As an exercise I decided to check if unbiased estimator of standard deviation of sample is giving better results than biased estimator
. So far it looks that only in aprox 55% cases. Am I doing something wrong or this is normal?
My methodology:
- generate sample of 100 numbers from range 1 to 1000
- 10 000 times choose 10 numbers from above
- for each 10 numbers calculate biased and unbiased estimator of standard deviation
- check how many times unbiased estimator was closer to standard deviation in population (in comparison to biased estimator).
My code:
import numpy as np
import random
from math import sqrt
# Lets generate set of 100 random numbers
myarray = np.random.randint(1,1000,100)
myarray_sd = np.std(myarray)
right = 0
wrong= 0
for k in range(10000):
# lets choose sample of numbers
sample= random.sample(set(myarray),10)
# calculate mean
sample_mean=np.mean(sample)
# calculate sd for n and n-1
sample_sd_n = sqrt(sum((sample-sample_mean)**2)/len(s))
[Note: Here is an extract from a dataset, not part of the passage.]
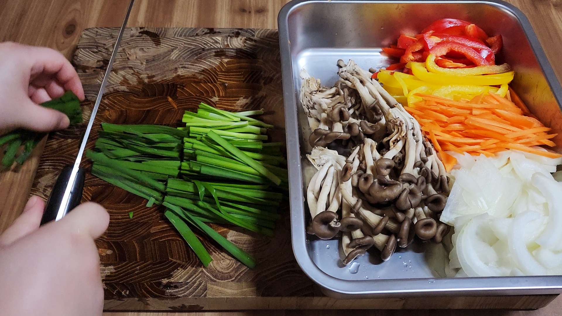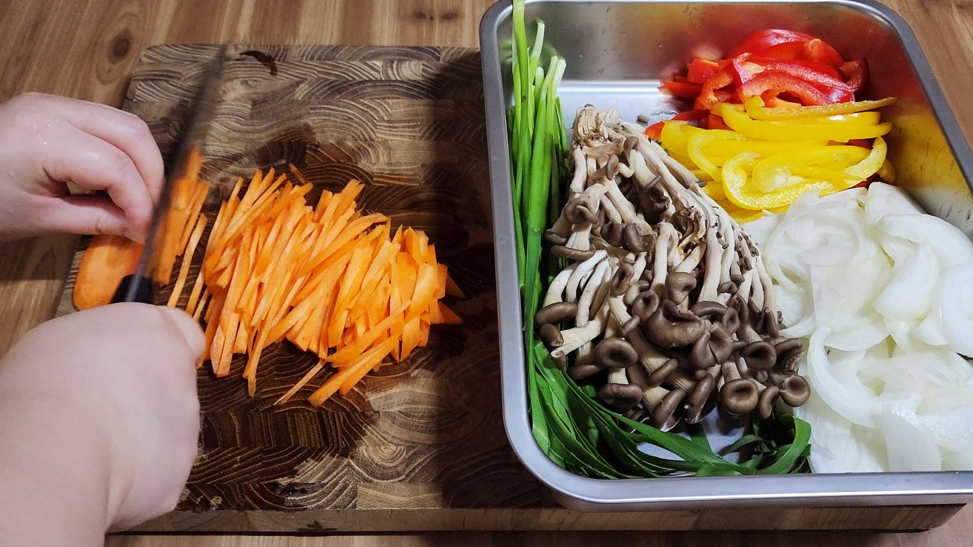 잡채에 들어갈 채소도 채썰어 준비해 볼게요.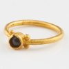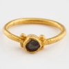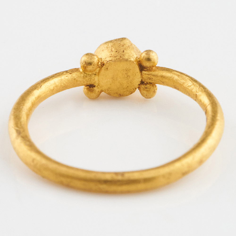 Description: Ring with garnet set within a gold bezel on four bead supports. Henig type IV

sample_sd_n1 = sqrt(sum((sample-sample_mean)**2)/(len(s)-1))
# callculate diffrences between both sd and sd in population
res_n= abs(sample_sd_n - myarray_sd)
res_n1=abs(sample_sd_n1 - myarray_sd)
# check if std calculated using n-1 is more accurate
if res_n1<res_n:
right +=1
else:
wrong +=1
print ('The theory is correct in: %f cases' % (round(right/(right+wrong),2)))